O que o governo fez efetivamente para melhorar o ritmo do PAC?

DILMA: Aprendemos muito com o monitoramento. E temos, hoje, no quesito entraves, tratamento especializado. Gente que avalia todas as pendências do TCU para instar os ministérios a tomar providências. Temos a sala de situação ambiental. A mesma coisa com a Funai. Judicialização também, há uma equipe na AGU que só cuida de PAC. Há a MP 387, que torna as transferências do PAC despesas obrigatórias, tirando o cadastro de endividamento de estados e municípios do caminho. Mas, para não perdermos controle, colocamos a CGU para fiscalizar cada obra.

Foi uma tentativa de achar uma vacina contra corrupção?

DILMA: Esta é uma direção para evitar mau uso do dinheiro. E do outro lado está a Caixa, que contratou cerca de mil funcionários só para fazer a fiscalização do PAC. A Caixa hoje tem estrutura forte, tradição de controle técnico, e fiscalizará a aplicação dos recursos.

A arrecadação está R$4 bilhões acima do projetado. A CPMF é mesmo fundamental para o PAC?

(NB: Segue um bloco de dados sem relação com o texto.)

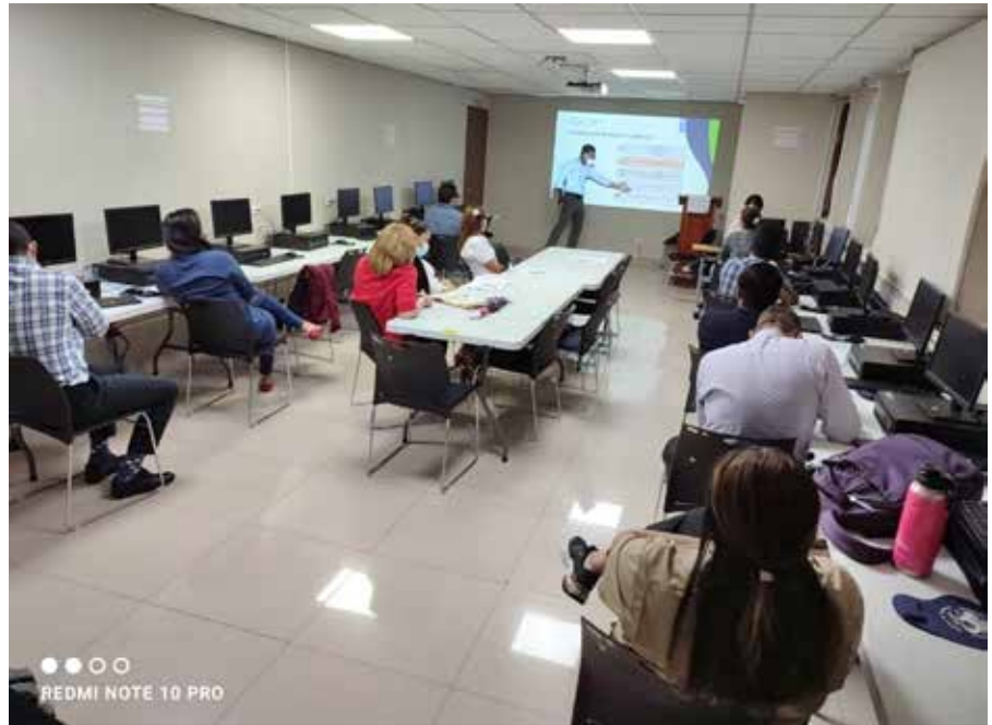
A partir de diciembre se impartieron capacitaciones a equipos técnicos y formuladores de proyectos sobre etiquetadores de cambio climático (ECC).

El manual permitirá al MEF y otras instituciones evaluar proyectos de inversión e identificar aquellos que cumplen con los criterios.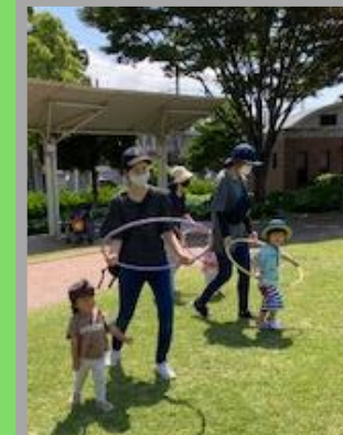
青空の下 広場で遊ぼう!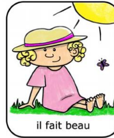
il fait beau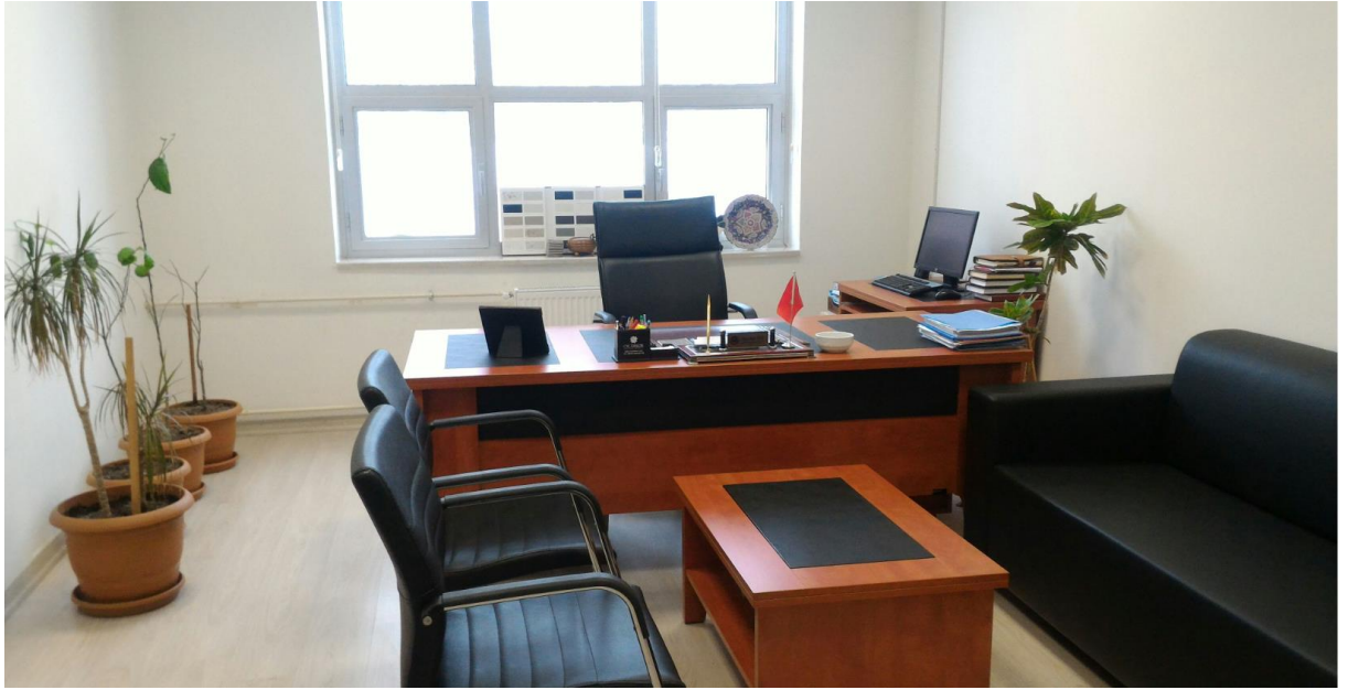
Şekil 1. Makam Odası

Döner sermaye İşletme Müdürlüğü, Üniversitemizin Bağlarbaşı yerleşkesi içerisinde bulunan Kongre Binası 3. katında yer alan bir büroda hizmet vermektedir.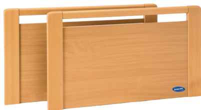
Panneau Susanne hêtre avec rail, pour barrières bois ou époxy.

Chaque partie du lit SB 755 est démontable et pèse moins de 25 Kg.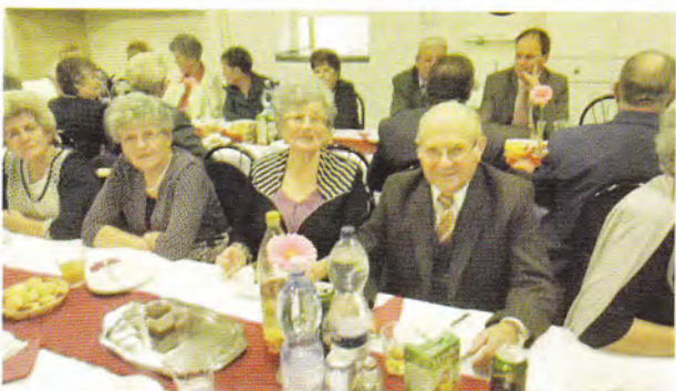
Klubos idősek napja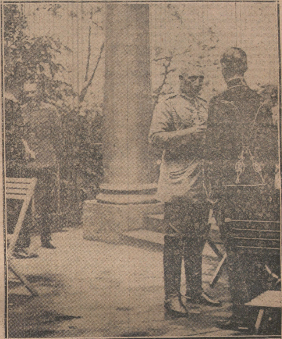
El Emperador de Alemania conversando con sus ayudantes en el Cuartel general del frente ruso.

Después de lo expuesto, y refiriéndonos al combate de Jutlandia, se ocurre preguntar: ¿Qué clase de proyectiles usaron uno y otro combatiente? Desde luego, y siendo los ingleses padres de la criatura, no hay que decir que su siste-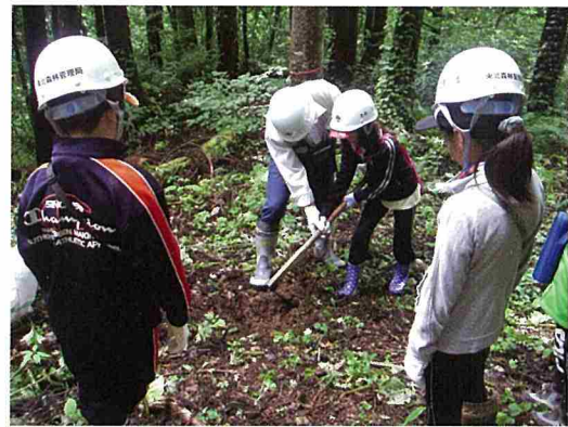
森林環境教育(小学生植樹体験)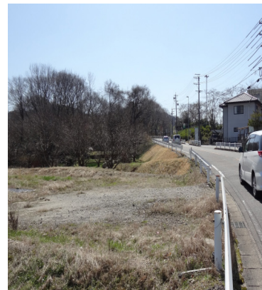
写真左が東部給食センター北側の宅地開発予定地。当時、隣接市道に歩道設置計画がなかったが、その後、歩道整備が決定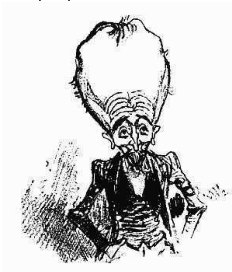
Рис.1.12. Люди будущего по Альберу Робиде (иллюстрация к роману «Электрическая жизнь», 1883 год)

Миф об особенностях мозга и черепа Ленина не был плодом личной фантазии коммунистических лидеров. Они были достаточно начитанными людьми, знакомыми с современными им футурологическими концепциями и фантастическими романами. Именно в произведениях фантастов они могли почерпнуть идею о том, что человек будущего будет обладать огромной головой, вмещающей невероятно развитый мозг.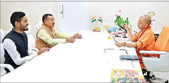
मुख्यमंत्री से उनके आवास पर मुलाकात करते श्रावस्ती विधायक व उनके प्रतिनिधि।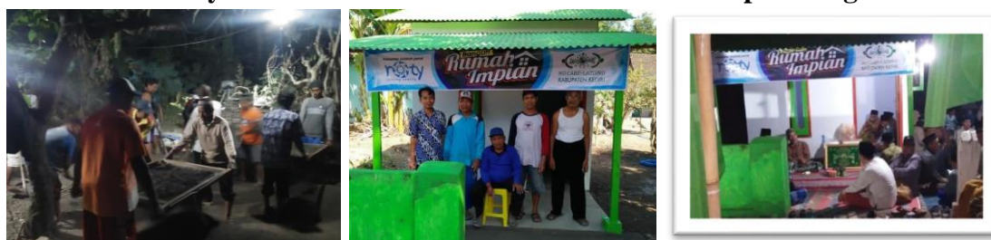
Gambar 4. 4 Penyaluran ZISWAF untuk bedah rumah dan pembangunan madin

Gambar 4.4 menjelaskan bahwa pentasyarufan pendanaan bedah rumah dan membangun madin berdasarkan kriteria yang sudah disepakati bersama oleh pengurus serta masyarakat sebagai bentuk pentasyarufan ZISWAF yang sesuai dengan visi-misi LAZISNU Kecamatan Kras. Setiap usulan penerima dan program pentasyarufan diputuskan melalui musyawarah antara pengurus dan masyarakat agar keputusan yang diambil transparan dan demokratis. Ahmad menjelaskan bahwa,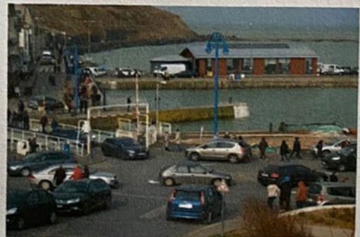
Le port de pêche de Port en Bessin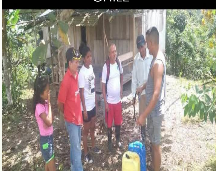
ENTREGA DE MATERIALES EN LA COMUNIDAD POZA DE CHILE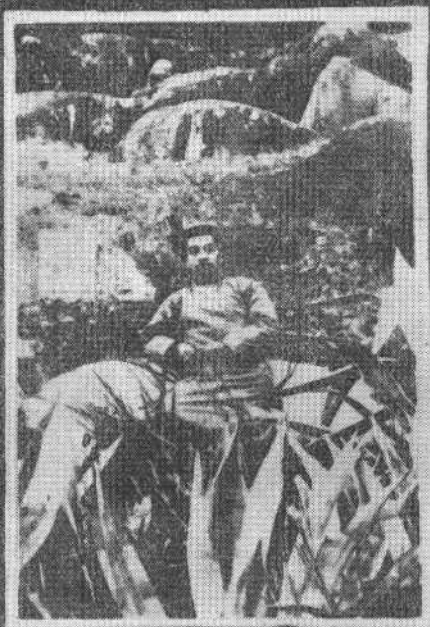
1927年1月2日摄于厦门南普陀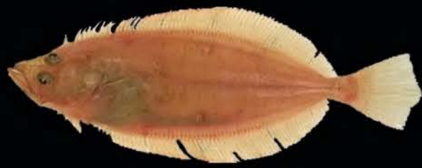
Cardine franche Lepidorhombus wiffiagonis

Centre Manche-Mer du Nord - Département Halieutique Laboratoire Ressources Halieutiques de Boulogne sur mer. Pôle de Sclérochronologie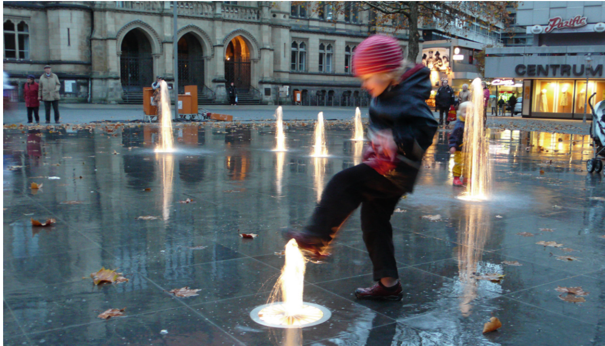
Platz der Deutschen Einheit mit Blick in Richtung Rathaus

Braunschweig Oberzentrum | Niedersachsen Bevölkerung: 253.167 | Stand 2022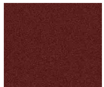
SAF-RAL 350-M* *semigloss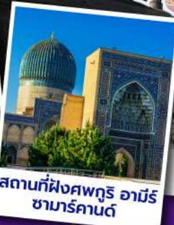
สถานที่ฝังศพกูรี อามิร ซามาร์คานด์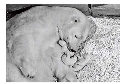
Flocke und ihre drei Babys (Video-bild).

Flocke hatte 2007, knapp ein Jahr nach dem Berliner Eisbär Knut, eine große Eisbär-Begeisterung in Deutschland ausgelöst.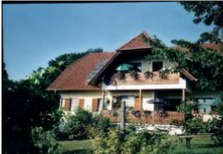
Haus und Garten

In der Oststeiermark, umgeben von Obst- und Weingärten liegt in ruhiger Lage unser Haus mit unserer komfortabel eingerichteten Ferienwohnung.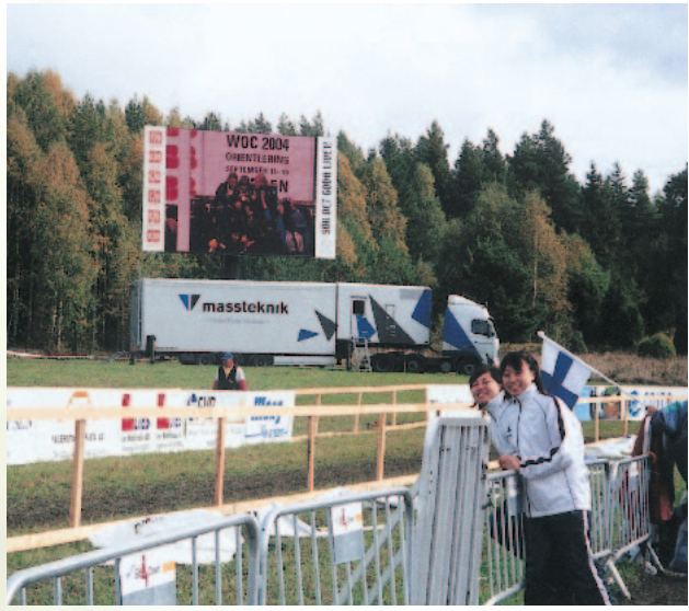
WOC閉会式後、スウェーデンの森と大型エキシビジョンをバックに

また遠征中に多くの人との出会いがあったこと、様々な文化を肌で感じる事が出来たことは、特に大きな収穫であった。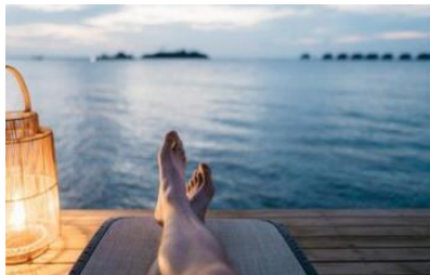
Zeit und Musse finden

Mitgliedverbände der OdA KT und Praktizierende publizieren auf der KT-Webseite regelmässig Artikel, wie KomplementärTherapie ganzheitlich und nachhaltig die Selbstregulationskräfte anregen kann. Hintergrundinformationen sowie praktische Tipps für den Alltag geben Einblick in die 22 verschiedenen Methoden der KomplementärTherapie und laden ein, diese zu entdecken.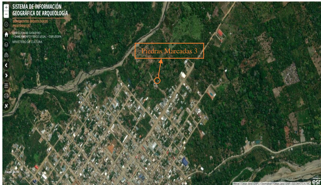
Imagen 01: Ubicación del Paisaje Arqueológico de "Piedras Marcadas 3". Nótese su falta de registro en el Sistema de Información Geográfica de Arqueología (SIGDA) del Ministerio de Cultura.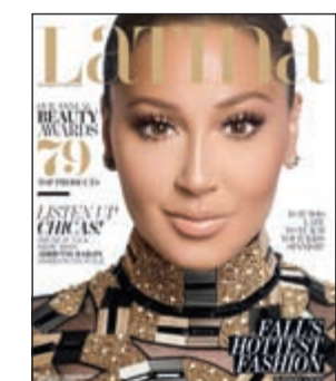
أدرين على غلاف المجلة

وسئمت أدرين من أن كل الناس تقول انها دمرت حياة حبيبها السابق روب كارديشيان، معتبرة انها كانت تلعب بالباربي حين قابلته. وكتبت كليو أرف FDB على أحد مواقع التواصل الاجتماعي تعليقا على صورتها مع شقيقها روب. وعاد روب ليعرّد تلك الأ حرف التي تشير إلى جملة «تبا لتلك العاهرة». وتلك الكلمات كانت موجّهة إلى حبيبة روب السابقة الممثلة أدرين بايلون. وعلقت كيم كارديشيان على كلام أدرين من خلال صفحتها على أحد مواقع التواصل الاجتماعي حيث كتبت: «إنه من المضحك حين تقول ان تكون مع «كارديشيان» يضر بمهنتها، فالسبب الوحيد لأن يكون لها مقابلة أصلا هو لتحدثت عن «كارديشيان».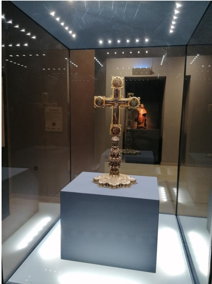
fig. 3 - Museo Diocesano Cosenza, Stauroteca - a. 1222 (Lato B)

Giustamente il Pace considera questo prezioso oggetto devozionale, al pari del codice purpureo rossanense 12 , quale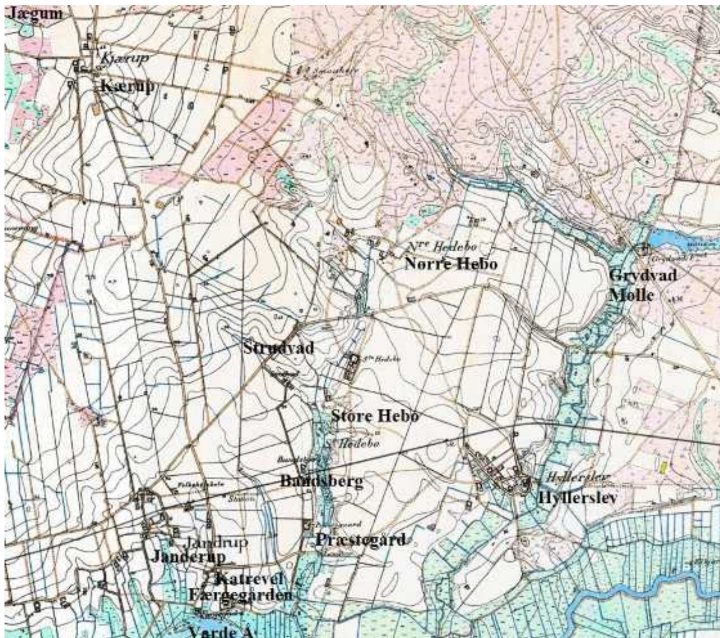
Janderup sogn. Familie 1 - 98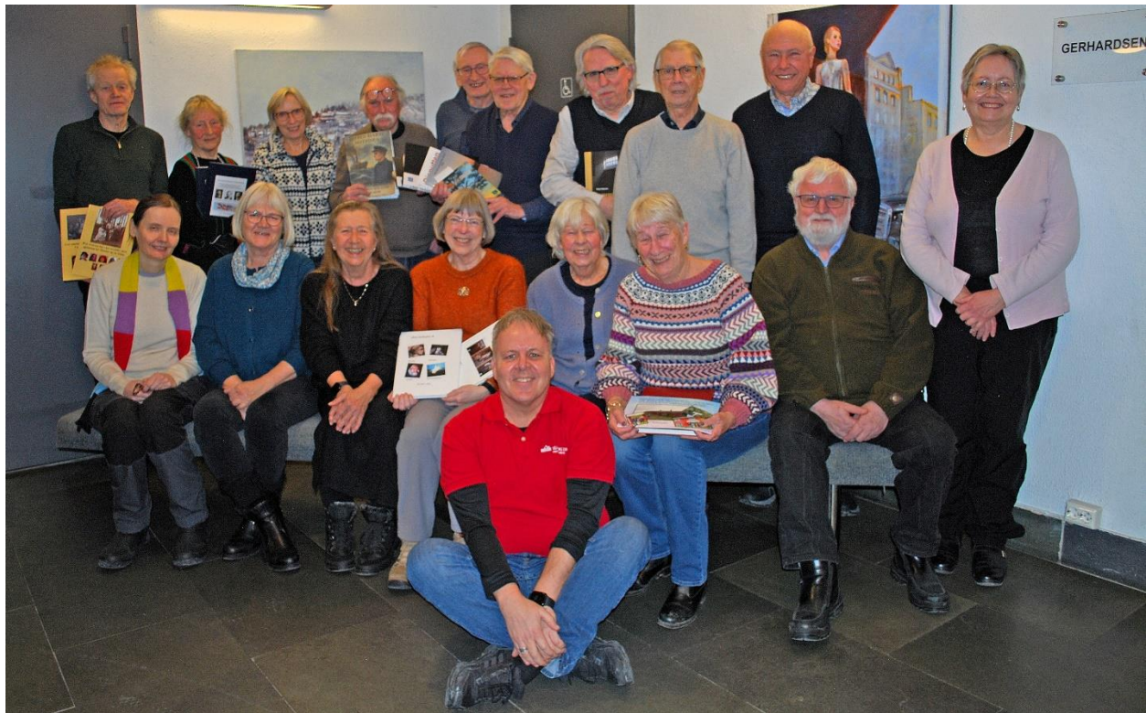
Fra en pause i et møte i Slektsbokgruppa.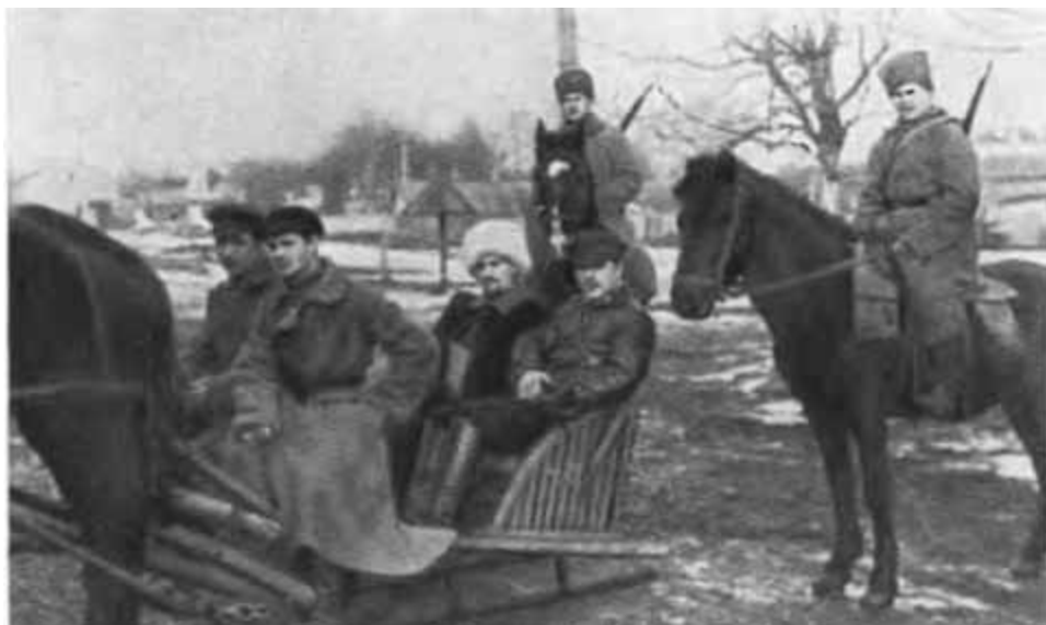
К. Е. Ворошилов и А. И. Седякин в дни ликвидации кронштадтского мятежа 1921 г.

DILMA: Claro. O povo acha que um aumento de receita de R$3 bilhões faz verão. Não faz mesmo. Se cortar R$40 bilhões, não é só o PAC que fica comprometido. São R$15 bilhões do PAC. E os outros? Tem que tirar mais coisa. Da Saúde? Do Bolsa Família? Todo mundo sabe disso. Quem passou pelo governo sabe. Então, tirante a hipótese do quanto pior melhor, o barco da CPMF é coletivo, de oposição e governo.